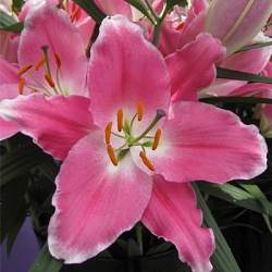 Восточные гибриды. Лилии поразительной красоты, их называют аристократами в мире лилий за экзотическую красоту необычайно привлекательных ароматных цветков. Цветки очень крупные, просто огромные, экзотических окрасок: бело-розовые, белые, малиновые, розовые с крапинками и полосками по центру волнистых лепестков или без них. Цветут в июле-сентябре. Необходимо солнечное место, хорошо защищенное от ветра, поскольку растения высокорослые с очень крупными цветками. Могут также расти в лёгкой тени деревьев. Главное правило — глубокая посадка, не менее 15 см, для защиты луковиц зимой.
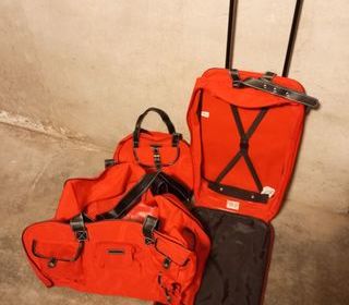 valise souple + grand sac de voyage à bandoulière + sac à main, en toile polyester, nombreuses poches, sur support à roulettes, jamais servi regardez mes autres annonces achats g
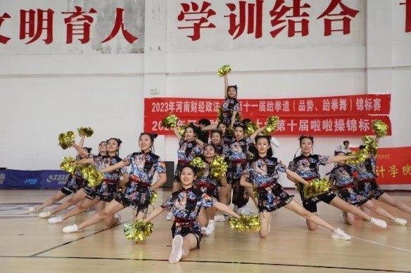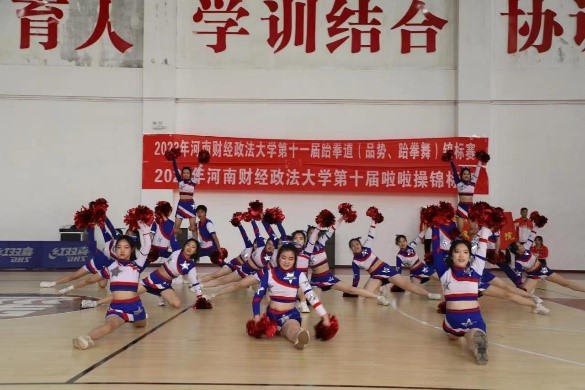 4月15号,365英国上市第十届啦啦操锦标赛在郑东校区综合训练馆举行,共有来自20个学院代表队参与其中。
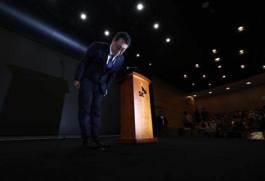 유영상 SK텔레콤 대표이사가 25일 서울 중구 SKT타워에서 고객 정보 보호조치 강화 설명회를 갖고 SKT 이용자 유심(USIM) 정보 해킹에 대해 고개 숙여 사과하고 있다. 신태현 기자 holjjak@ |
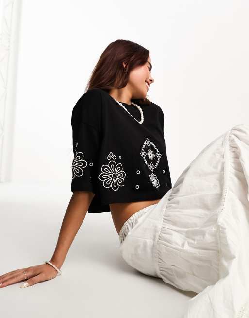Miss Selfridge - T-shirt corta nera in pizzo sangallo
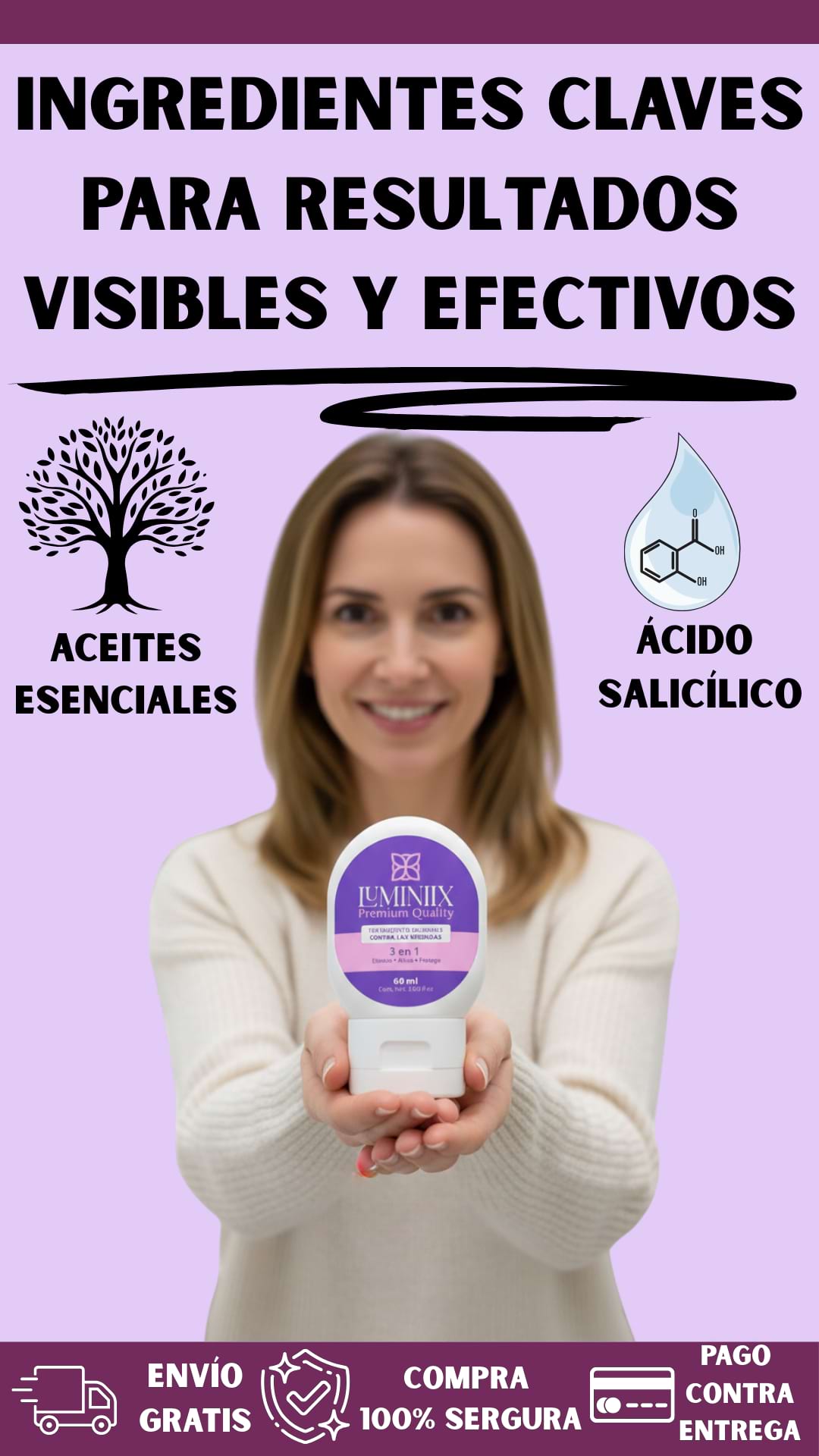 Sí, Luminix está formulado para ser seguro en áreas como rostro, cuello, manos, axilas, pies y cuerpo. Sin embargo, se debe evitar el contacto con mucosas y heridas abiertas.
---+---
**TASK:**
Your answer must be only the lines from the one that holds "유영상 SK텔레콤 대표이사가" to the end of the listing, each restated word for word, with both ends kept and pictures left out.

**SOLUTION FOR THIS PROBLEM:**
 유영상 SK텔레콤 대표이사가 25일 서울 중구 SKT타워에서 고객 정보 보호조치 강화 설명회를 갖고 SKT 이용자 유심(USIM) 정보 해킹에 대해 고개 숙여 사과하고 있다. 신태현 기자 holjjak@ |
Miss Selfridge - T-shirt corta nera in pizzo sangallo
 Sí, Luminix está formulado para ser seguro en áreas como rostro, cuello, manos, axilas, pies y cuerpo. Sin embargo, se debe evitar el contacto con mucosas y heridas abiertas.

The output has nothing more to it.